When the House Permanent Select Committee on Intelligence met yesterday afternoon behind closed doors to continue its investigation of the destruction of those CIA torture tapes, its star witness was nowhere to be seen.
Jose Rodriguez Jr., who as CIA director of operations in 2005 ordered the destruction of two videotapes recording the harsh interrogation of two terrorism suspects, including the use of waterboarding, had refused to testify without a grant of immunity.
I noted here that would be akin to a murderer facing no repercussions for testifying about his own crime.
Committee chairman Representative Silvestre Reyes, a Texas Democrat, is holding off on calling for a vote on the crucial immunity issue for the time being, but the smart money says that Rodriguez will be immunized sooner or later.
“We’re pleased that the committee is considering our request for immunity,” said Robert S. Bennett, Rodriguez’ attorney. “It’s only fair in light of the fact that he has not been given access to the documents he needs to defend himself with.”
Bennett is one of the most sly legal foxes in the Washington henhouse and his comment can be translated thusly: The documents thing is, of course, a ruse and the best way to assure that my client gets off the hook is through a congressional cover-up. We’re pleased that seems to be where we’re headed.

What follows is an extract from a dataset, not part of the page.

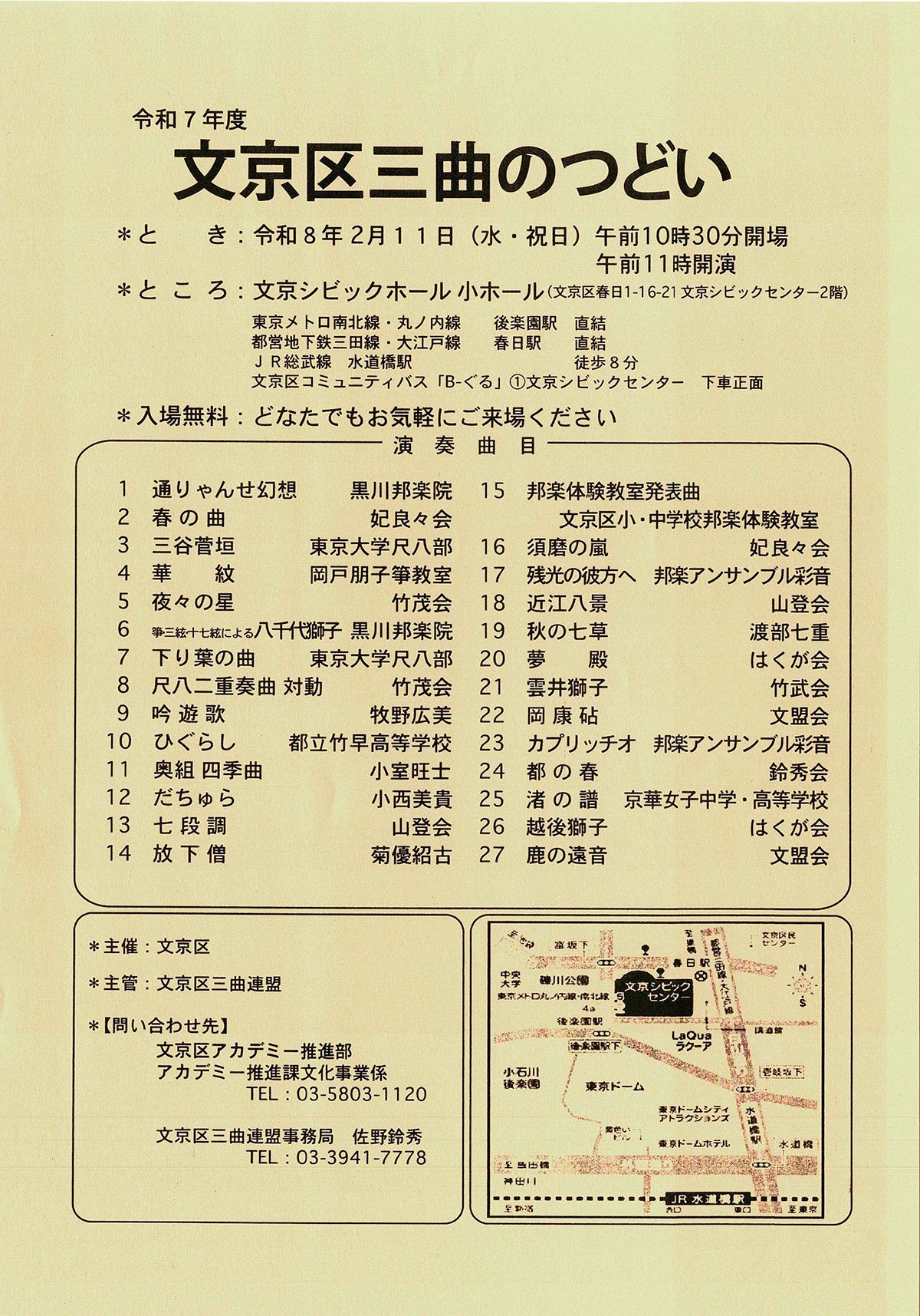 TEL:03-5803-1120文京区三曲連盟事務局 佐野鈴秀

The CIA line has been that the tapes were destroyed out of concern for the safety of agency operatives who could be identified if the tapes were to be made public. No such concern, of course, was expressed over the identity of another operative by the name of Valerie Plame, who was outted in a concerted effort by Vice President Cheney and his henchmen.
Congress holds the key to unlocking the darker secrets of the tape destruction. This is because neither the Justice Department nor federal judiciary seem particularly curious.
During his nomination hearings, Attorney General Michael Mukasey’s responses regarding torture generally and waterboarding specifically were . . . well, tortured and he said he’d review the whole issue if he was confirmed stat. If he’s doing so it has escaped my notice.
You can bet the ranch that the executive branch is working hard behind the scenes to protect its own bunch of lawbreakers. The Justice Department is creating the appearance of playing softball when this scandal calls for hardball. And the judiciary is not asserting its powers for the moment, ceding the floor to Mukasey.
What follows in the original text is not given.